In a program many bugs and vulnerabilities come from how user input is handled. Programmers make assumptions about the kinds of input users will provide to a program. Where that input comes from and what type it will be. If you’re familiar with buffer overflow vulnerabilities then you already know one way user input can be used maliciously.
In this module we are going to take a first look at how user input can be handled in a very simple C program (not handled well). We are going to build on the previous program and see what differences are in the assembly dump. Then we are going to trace how the input is moved through the program. With that in mind lets have a look.
The Main Function:
You should be able to determine where the function prologue is. Lets skim the assembly and see what stands out. Each function call should give us an idea of what this program does. We have a printf() call, a scanf() call, and a function called greeting. We have seen printf() in our previous modules and should expect that address pushed onto the stack right before the call is a format string to be printed.

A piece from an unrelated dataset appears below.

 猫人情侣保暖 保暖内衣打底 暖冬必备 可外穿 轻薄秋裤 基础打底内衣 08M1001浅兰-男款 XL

Lets take a look at the documentation for scanf() which tells us that the function takes two arguments. The first is a format identifier and the second is a location to place it. Do you remember how arguments are placed onto the stack for a function call in x86 architecture? If not don’t worry lets take a look at what happens by setting a breakpoint right after scanf() executes using the command
breakpoint *0x080484bd and then run the program.

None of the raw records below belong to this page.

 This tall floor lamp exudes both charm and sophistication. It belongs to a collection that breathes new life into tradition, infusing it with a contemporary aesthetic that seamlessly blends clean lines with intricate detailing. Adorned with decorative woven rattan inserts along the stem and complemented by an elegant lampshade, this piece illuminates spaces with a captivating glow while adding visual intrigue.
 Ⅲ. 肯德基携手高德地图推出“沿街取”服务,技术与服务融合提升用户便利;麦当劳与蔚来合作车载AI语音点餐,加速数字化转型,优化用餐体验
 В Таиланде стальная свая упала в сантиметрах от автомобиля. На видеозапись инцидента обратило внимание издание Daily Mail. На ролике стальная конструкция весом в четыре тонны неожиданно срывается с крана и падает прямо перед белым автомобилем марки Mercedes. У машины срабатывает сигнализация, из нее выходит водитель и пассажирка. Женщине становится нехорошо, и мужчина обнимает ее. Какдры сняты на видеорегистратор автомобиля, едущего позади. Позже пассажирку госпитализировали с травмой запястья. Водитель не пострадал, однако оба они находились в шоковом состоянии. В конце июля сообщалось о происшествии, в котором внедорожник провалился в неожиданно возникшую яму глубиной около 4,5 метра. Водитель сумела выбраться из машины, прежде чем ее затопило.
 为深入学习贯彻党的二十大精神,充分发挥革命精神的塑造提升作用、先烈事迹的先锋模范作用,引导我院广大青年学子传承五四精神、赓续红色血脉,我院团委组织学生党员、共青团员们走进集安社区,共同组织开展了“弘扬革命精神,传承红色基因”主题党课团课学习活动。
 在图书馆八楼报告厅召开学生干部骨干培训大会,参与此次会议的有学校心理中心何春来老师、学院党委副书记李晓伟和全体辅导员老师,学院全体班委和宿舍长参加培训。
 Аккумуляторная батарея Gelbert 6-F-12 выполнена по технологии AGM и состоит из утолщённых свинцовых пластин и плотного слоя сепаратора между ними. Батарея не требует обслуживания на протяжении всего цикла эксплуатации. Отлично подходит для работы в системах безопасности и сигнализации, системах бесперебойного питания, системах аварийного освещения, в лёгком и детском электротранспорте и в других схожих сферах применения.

Now we are stopped directly after returning from the scanf() call. There were two pieces of information pushed onto the stack directly before the call. The first was the memory address at ebp-0x6c. This wasn’t done directly, it was done by loading the address into eax and then pushing eax onto the stack. Take a look at the definition of the lea instruction. We then have another memory address pushed onto the stack. Lets find out what each of these addresses hold.

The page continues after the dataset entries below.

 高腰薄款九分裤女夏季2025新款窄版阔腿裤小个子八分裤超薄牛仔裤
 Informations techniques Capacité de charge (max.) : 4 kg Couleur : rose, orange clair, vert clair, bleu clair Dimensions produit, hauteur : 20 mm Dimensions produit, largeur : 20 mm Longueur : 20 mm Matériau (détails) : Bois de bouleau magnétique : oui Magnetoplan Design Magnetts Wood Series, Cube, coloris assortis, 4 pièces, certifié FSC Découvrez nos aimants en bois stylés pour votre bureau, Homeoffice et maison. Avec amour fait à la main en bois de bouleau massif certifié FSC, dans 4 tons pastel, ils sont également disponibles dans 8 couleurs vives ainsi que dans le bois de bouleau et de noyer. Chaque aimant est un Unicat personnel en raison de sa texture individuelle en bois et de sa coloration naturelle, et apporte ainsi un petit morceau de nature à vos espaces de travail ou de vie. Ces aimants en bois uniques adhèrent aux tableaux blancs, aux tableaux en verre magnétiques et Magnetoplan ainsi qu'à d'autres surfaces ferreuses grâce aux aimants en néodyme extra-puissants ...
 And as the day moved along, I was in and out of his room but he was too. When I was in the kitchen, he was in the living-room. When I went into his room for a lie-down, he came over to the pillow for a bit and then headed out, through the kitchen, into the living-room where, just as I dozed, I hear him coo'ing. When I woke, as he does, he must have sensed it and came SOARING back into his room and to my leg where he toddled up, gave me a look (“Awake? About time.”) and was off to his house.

First we can figure out what the address of ebp-0x6c is by subtracting 0x6c from the register value. From our register printout we see that ebp = 0xFFFFDA58 and if we use
print 0xFFFFDA58 - 0x6c we have that the address pushed onto the stack is 0xFFFFD9EC. We can look at that memory address:
If we take a look at an ASCII chart we will see that the memory address holds kcaJ or Jack backwards. So this is the memory address we are storing the input at. So the address was pushed onto the stack first. The next value is where the format specifier is held. This gives us a nice reminder that with x86 architecture arguments are pushed on the stack from right to left.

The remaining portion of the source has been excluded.